Reimagining the Future of Employee Experiences

Kay Van Slooten

As business leaders make plans for the return to the office, they’re adjusting to some of the permanent shifts the pandemic has left us: it’s out with closed cubicles and small personal desks and in open collaborative spaces and touchless coffee machines. However, it’s not just physical spaces that need a rethink, but the big intangible: organizational culture. Across sectors, CEOs and executives are grappling with tough questions: 

  • What has over a year’s worth of remote working done to our organizational culture? 
  • How do we reinvigorate our culture in ways that ensure emotional and social connections are not lost? 
  • How significant is the link between weakened organizational culture and consistent, high levels of turnover? 
  • How do we envelop new employees in our culture so they quickly feel as though they belong? 

pexels-daria-shevtsova-3626622

 

In a remote environment, and shortly in a hybrid environment, we need to reimagine how we look at, and think about, culture. Many business leaders have commented that it’s clearly no longer about ping-pong tables, on-site gyms, and other physical attributes. Let’s be honest—it never really was. Of course, such perks play a role in enhancing the employee experience but they’re not the lifeblood of your organization. 

Culture is about shared beliefs, values, ways of interacting with each other, and building strong and lasting bonds between employees at every level in pursuit of a common goal. Now more than ever, what an organization stands for—its lifeblood, its culture— needs to permeate every touchpoint along the employee journey. Whether I’m performing my tasks, attending a training program, receiving recognition, or engaging in social activities, that culture needs to be continually reinforced in tangible, meaningful, brand-aligned, and authentic ways. 

Throughout this pandemic, organizations have tried a variety of ways to keep their cultures alive and well, from holding virtual yoga classes and cocktail hours, to sending employees care packages or food delivery. While their efforts were well-intentioned, organizations were largely reacting in the moment with a certain amount of throwing spaghetti at the wall and seeing what stuck.  

Now, as we face the new future of work where 77% of employees now prefer a hybrid, or flexible setup, we need to be proactive and purposeful in how we reimagine that employee journey end-to-end as the underpinning of organizational culture.

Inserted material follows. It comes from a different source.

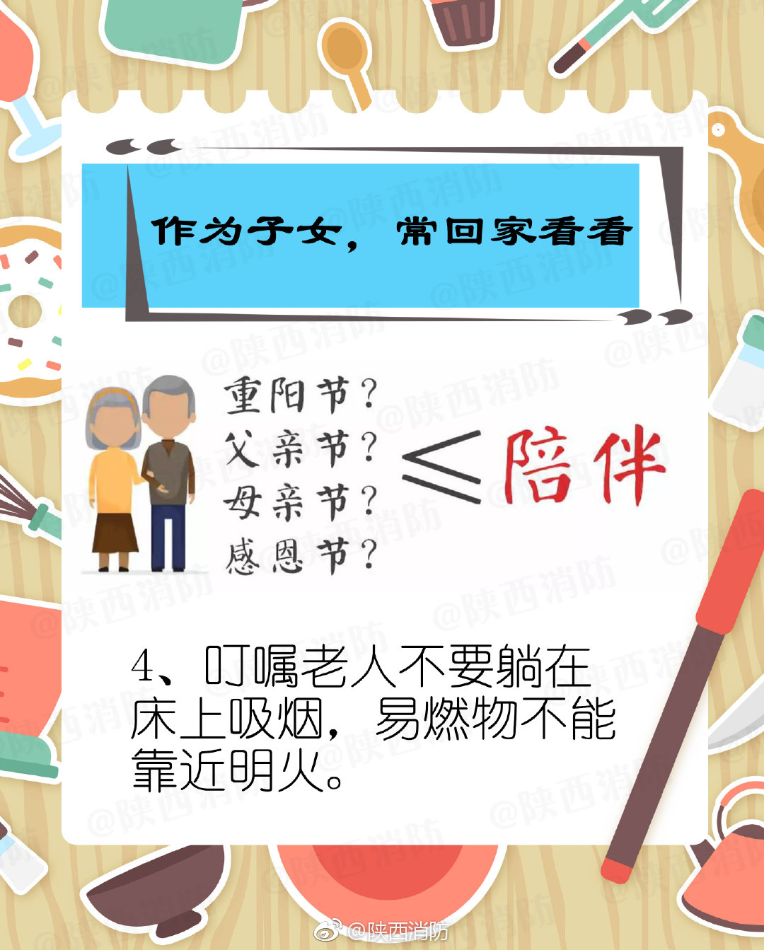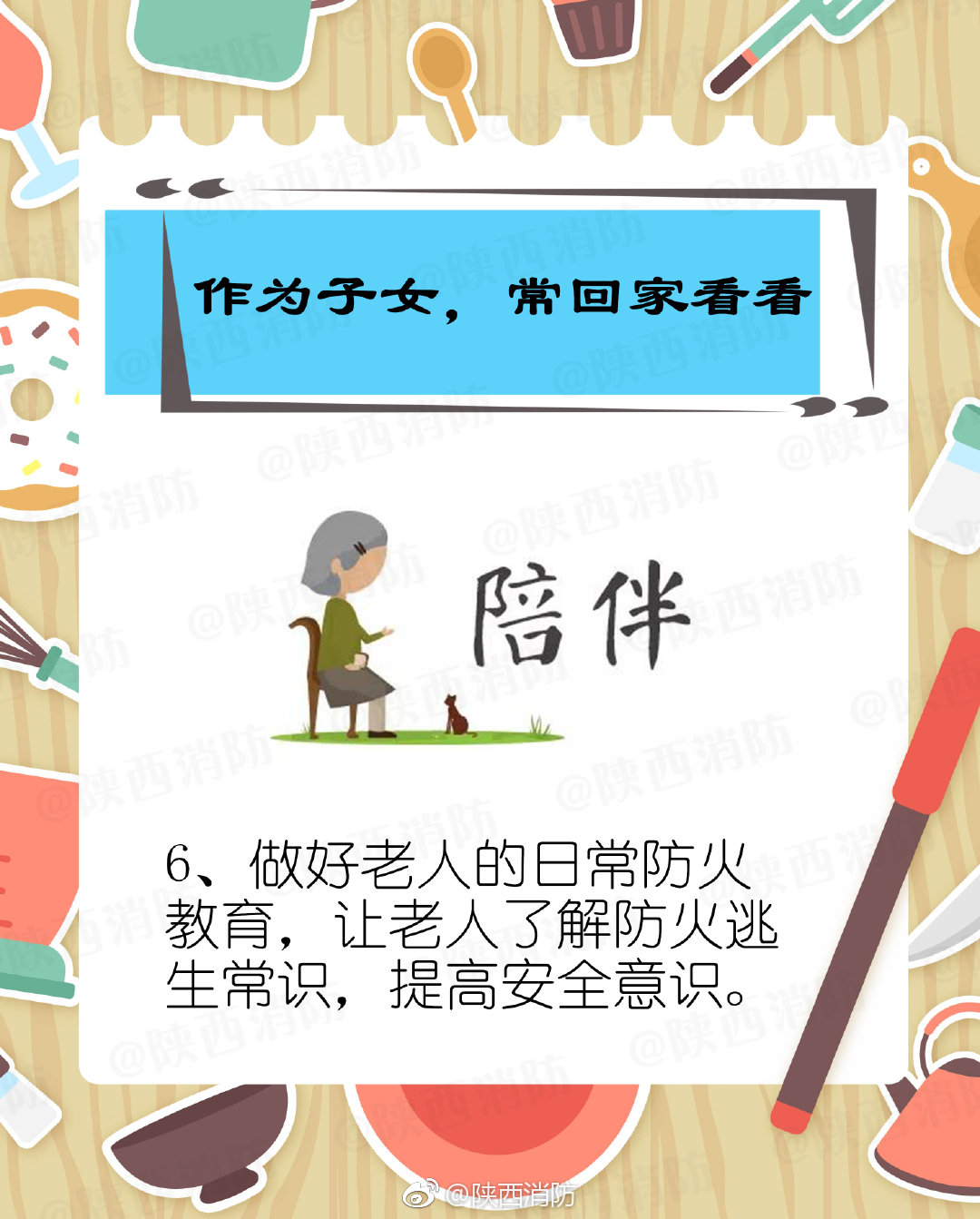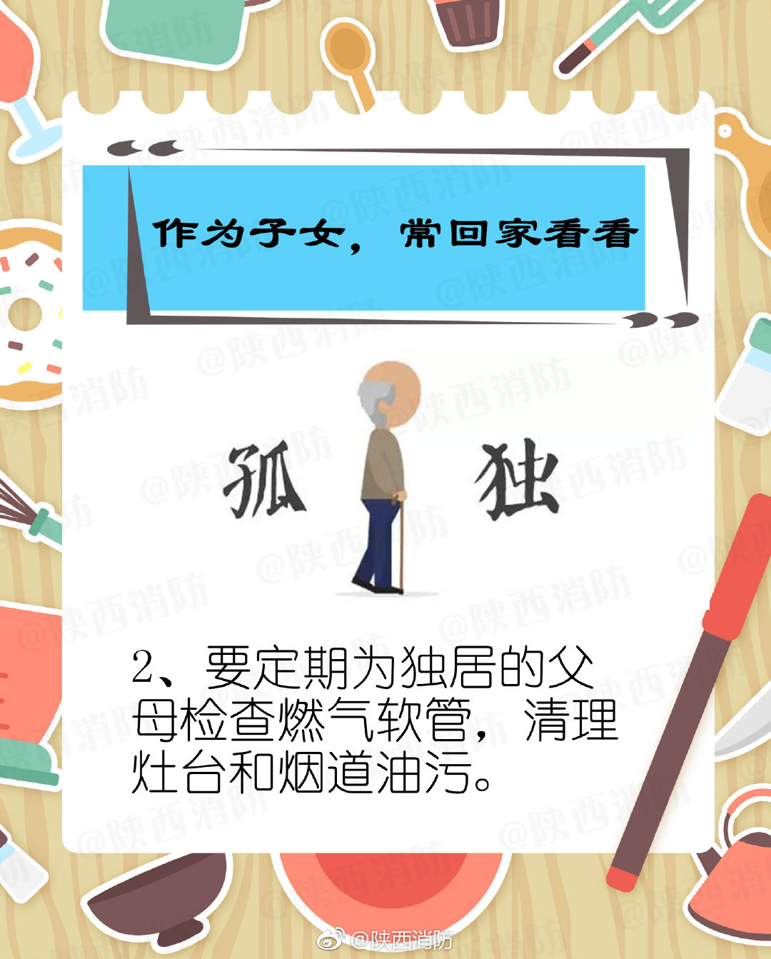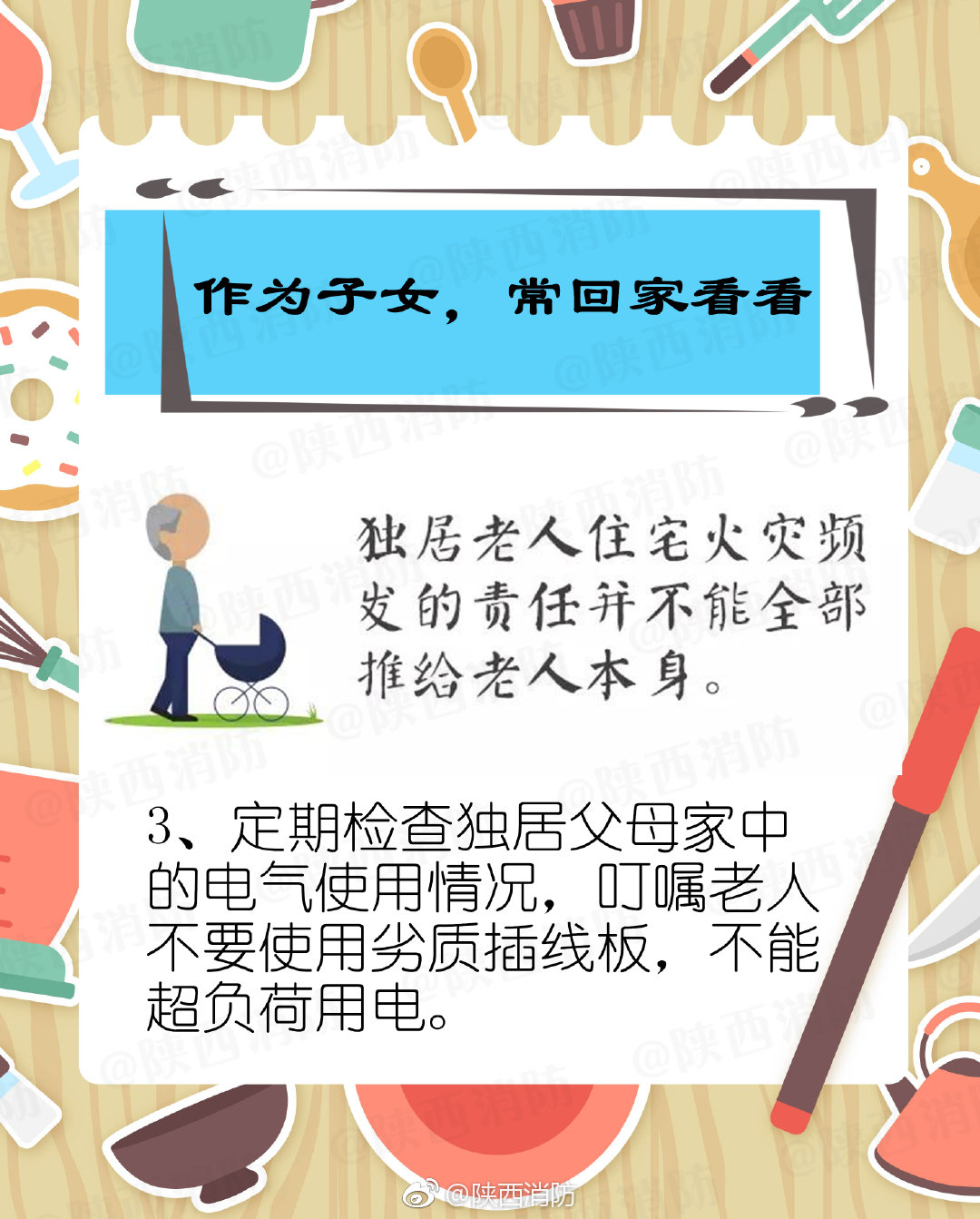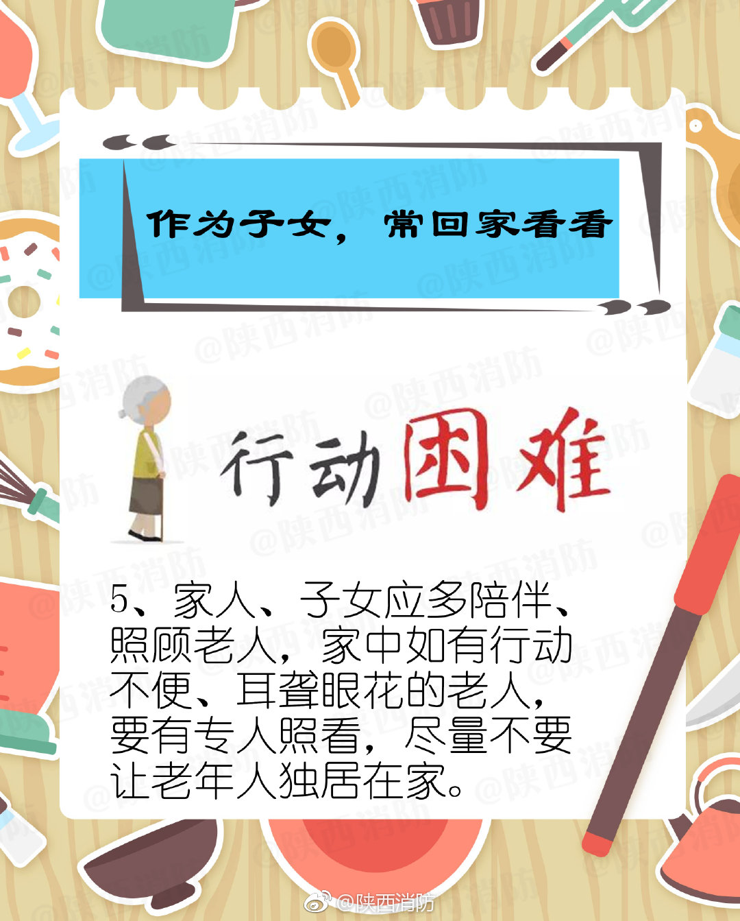 独居老人大多存在这样或那样的不便之处,如:行动困难、记性差等,时常因用火不慎等原因引发火灾,极易导致小火亡人的事故。宝鸡消防提醒大家,常回家看看,关爱家里的老人。

The benefits of a strong and positive culture that can thrive in a hybrid environment are numerous, from talent acquisition and enhanced productivity to heightened engagement and talent retention. 

This work is not easy, as it requires dispelling decades of norms and established practices to meet the expectations of employees that have been fundamentally changed due to the pandemic. However, organizations that accept the challenge will find themselves differentiated in ways that will be hard to replicate. 

chris-montgomery-smgTvepind4-unsplash

So, how do you do that? By engaging your employees in the co-creation of the future employee experience in a way that is meaningful, relevant, and customized to them.  

6 Steps to Compelling Employee Experiences in a Hybrid Environment 

1. Segment your employee base into personas, just as you’ve been doing for years with your customers—understand their motivators, what’s important to them, and how they want their relationship with work to look.

2. Hear directly from your employees, based on the aforementioned segmentation, in employee co-creation sessions. Unpack the current experience within the context of COVID-19 work environments and co-create a more ideal future state experience with a hybrid work environment in mind.

3. Identify actions to be considered, taking into account the importance of each touchpoint in the employee journey so that strategies and tactics can be prioritized based on perceived impact.

4. Validate your findings with the broader organization before making any investment decisions.

5. Develop an Implementation Blueprint, including change management strategy, to drive the execution of the strategies and actions identified.


6. Create a compelling, brand-aligned Employee Value Proposition that acts as an anchor for the entire employee experience.

Given the disruption in the workplace, it truly has never been more important to engage and retain employees. Though adapting to the new world of work is challenging, it’s also a rare opportunity to reimagine your organizational culture. Seize it.